__EXERCISE DIRECTIONS__. For the material below, the expected output is exactly the lines between the line holding "Ergonomico. Tekno Gel" and the line holding "Chips de una", inclusive, with pictures left out.

__INPUT__.

- Opening Delimiter -

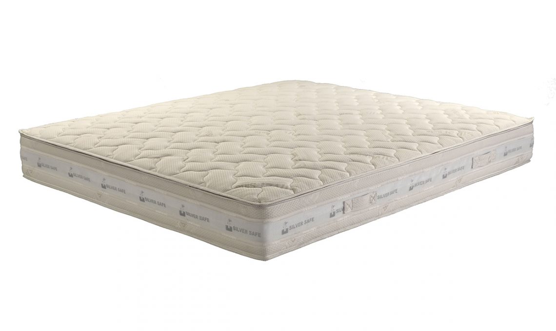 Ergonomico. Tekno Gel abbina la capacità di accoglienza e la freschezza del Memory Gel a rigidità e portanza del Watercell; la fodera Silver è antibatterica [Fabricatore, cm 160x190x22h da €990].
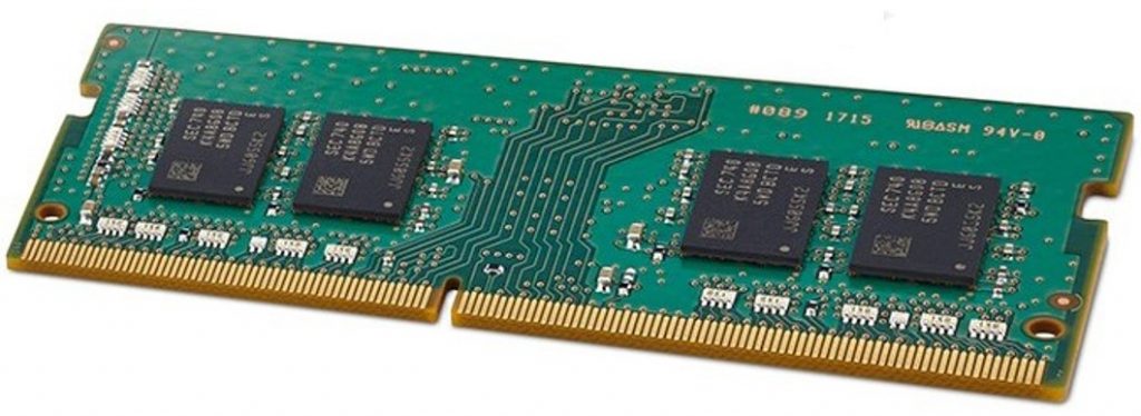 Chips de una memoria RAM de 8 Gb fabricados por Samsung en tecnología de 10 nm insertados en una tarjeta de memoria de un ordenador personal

- Closing Delimiter -
- Opening Delimiter -

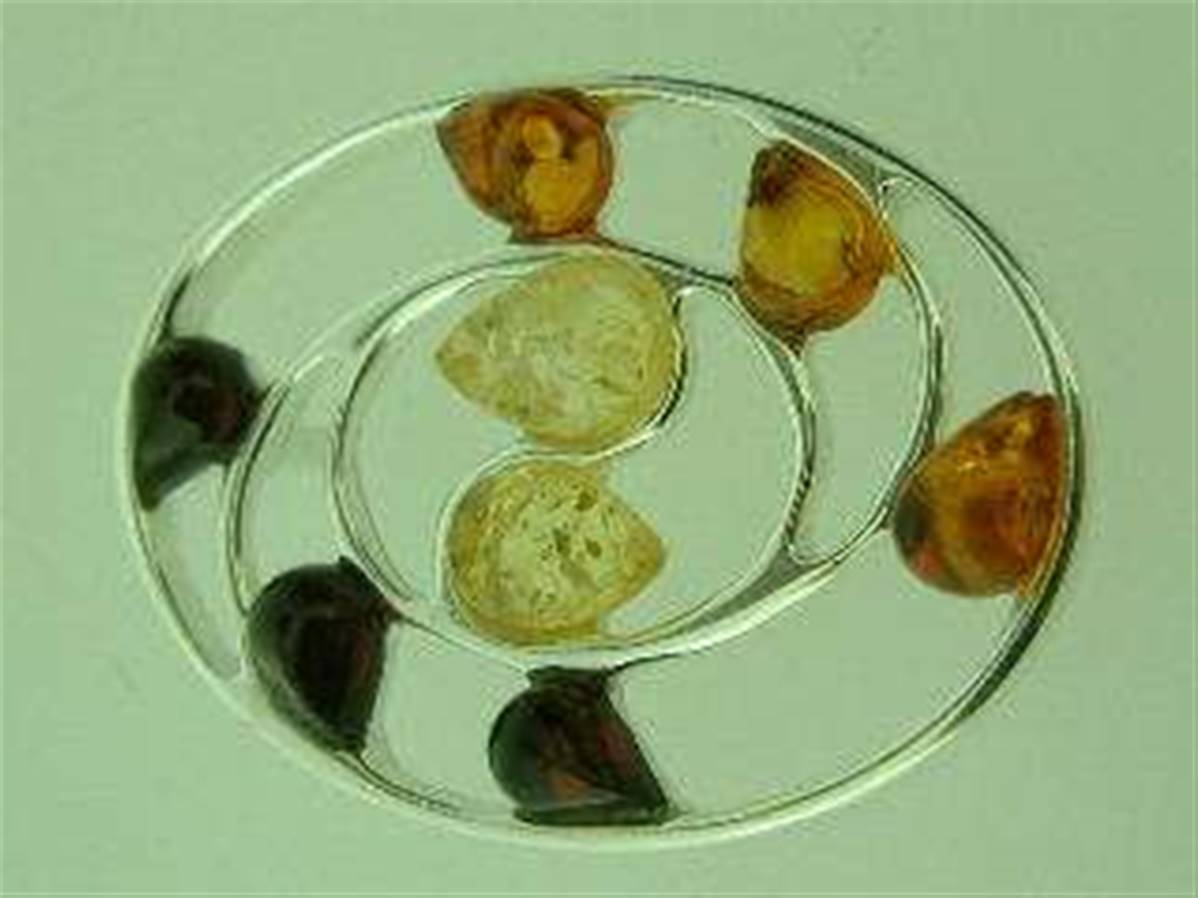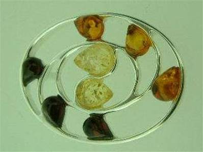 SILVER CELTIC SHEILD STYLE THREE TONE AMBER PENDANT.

- Closing Delimiter -

__WRITTEN RESPONSE__.
 Ergonomico. Tekno Gel abbina la capacità di accoglienza e la freschezza del Memory Gel a rigidità e portanza del Watercell; la fodera Silver è antibatterica [Fabricatore, cm 160x190x22h da €990].
 Chips de una memoria RAM de 8 Gb fabricados por Samsung en tecnología de 10 nm insertados en una tarjeta de memoria de un ordenador personal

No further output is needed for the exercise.